The scope of that work led the task force on Saturday to decide to seek more time. While guaranteeing the report will be finished by June 30, the task force adopted a measure that would extend its life for another year, which would be used to work to turn recommendations into laws and policies.

“We want to make sure when the report is final we have some time to make sure it is implemented correctly,” said state Sen. Steven Bradford of Los Angeles. The task force is the first of its kind in the nation, and could be a “road map” for other states or even the federal government tackling the issue in the future, he said.

That also means the work has to be done right. “If we err here it will allow all the naysayers to say we should not be doing this nationally,” he said.

The task force was created via Assembly Bill 3121, authored by now-Secretary of State Shirley Weber when she was a member of the Assembly representing parts of San Diego County. It was signed into law by Gov. Gavin Newsom in September 2020 and the committee began meeting in June 2021.

An interim report issued in June listed five categories of harms Black state residents have suffered and that should be remedied. They are: housing discrimination, mass incarceration, unjust property seizures, and the devaluation of Black businesses and health care.

The question of monetary compensation has attracted the most attention. In March the committee decided that eligibility for any future payments would be limited to Black state residents who are descendants of enslaved people, or of a free Black person living in the U.S. by the end of the 19th century. That standard would exclude some individuals, such as Black people who came to the U.S. in the 1900s.

What that figure ultimately would be, and how it would be paid out, is not yet decided. The committee did approve a recommendation Saturday that would create a new state agency, the California American Freedman Affairs Agency, which would oversee and monitor any future reparations legislation as well as process reparations claims.

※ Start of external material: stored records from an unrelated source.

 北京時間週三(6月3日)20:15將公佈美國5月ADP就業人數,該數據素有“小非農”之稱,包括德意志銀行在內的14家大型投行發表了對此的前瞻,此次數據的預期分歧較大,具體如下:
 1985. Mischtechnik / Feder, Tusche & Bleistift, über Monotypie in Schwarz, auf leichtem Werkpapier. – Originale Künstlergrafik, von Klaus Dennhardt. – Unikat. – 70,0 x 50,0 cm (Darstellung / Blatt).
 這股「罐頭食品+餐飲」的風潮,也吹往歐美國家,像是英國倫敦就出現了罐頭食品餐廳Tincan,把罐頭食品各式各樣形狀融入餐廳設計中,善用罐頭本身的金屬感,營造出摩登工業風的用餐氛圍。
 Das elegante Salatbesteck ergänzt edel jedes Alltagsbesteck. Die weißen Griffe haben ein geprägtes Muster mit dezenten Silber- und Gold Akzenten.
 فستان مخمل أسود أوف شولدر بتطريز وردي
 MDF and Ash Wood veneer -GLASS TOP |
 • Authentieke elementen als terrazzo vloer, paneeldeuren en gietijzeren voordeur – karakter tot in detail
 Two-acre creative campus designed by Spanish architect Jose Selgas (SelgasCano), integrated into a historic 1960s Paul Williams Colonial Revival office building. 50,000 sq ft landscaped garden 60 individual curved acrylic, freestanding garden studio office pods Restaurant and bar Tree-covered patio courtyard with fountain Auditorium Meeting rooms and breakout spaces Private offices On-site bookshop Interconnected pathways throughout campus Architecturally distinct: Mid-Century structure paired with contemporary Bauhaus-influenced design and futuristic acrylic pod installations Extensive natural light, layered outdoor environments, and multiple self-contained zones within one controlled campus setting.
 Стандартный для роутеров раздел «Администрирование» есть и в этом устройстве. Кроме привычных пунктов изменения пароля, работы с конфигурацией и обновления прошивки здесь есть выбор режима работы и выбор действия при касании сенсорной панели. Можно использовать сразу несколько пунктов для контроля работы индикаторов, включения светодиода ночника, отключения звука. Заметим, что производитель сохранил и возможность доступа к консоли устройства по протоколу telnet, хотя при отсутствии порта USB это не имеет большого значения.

The monetary damages are just one portion of the task force’s work, which is delving into a wide and varied spectrum of issues. At the meeting Saturday, the task force reviewed a long list of recommendations that would be part of an overall reparations regimen.

These include requiring the state to formally apologize to Black Californians for past wrong and an explicit censure of Peter Hardeman Burnett, the first elected governor of the state. As governor, the former slaveholder from Tennessee advocated passing laws banning Blacks from the state.

The task force’s interim report also noted that while California was admitted to the union as a free state in 1850, it adopted a fugitive slave law in 1852 that was harsher than the federal law, and banned Blacks and other non-Whites from testifying in any trial involving a White person.

The proposals run dozens of pages. One calls for closing 10 prisons in the state and using the savings for the Freedman Agency’s work. Another calls for abolishing the death penalty, and a third for eliminating qualified immunity — the legal doctrine that shields law enforcement and other government agents from liability for misconduct and abuse while on the job.

With the June 30 deadline fast approaching, Weber on Friday urged the task force to press forward so the proposal can be finished and recommendations put into action. “I want to make sure the work gets done, and the work continues,” she said.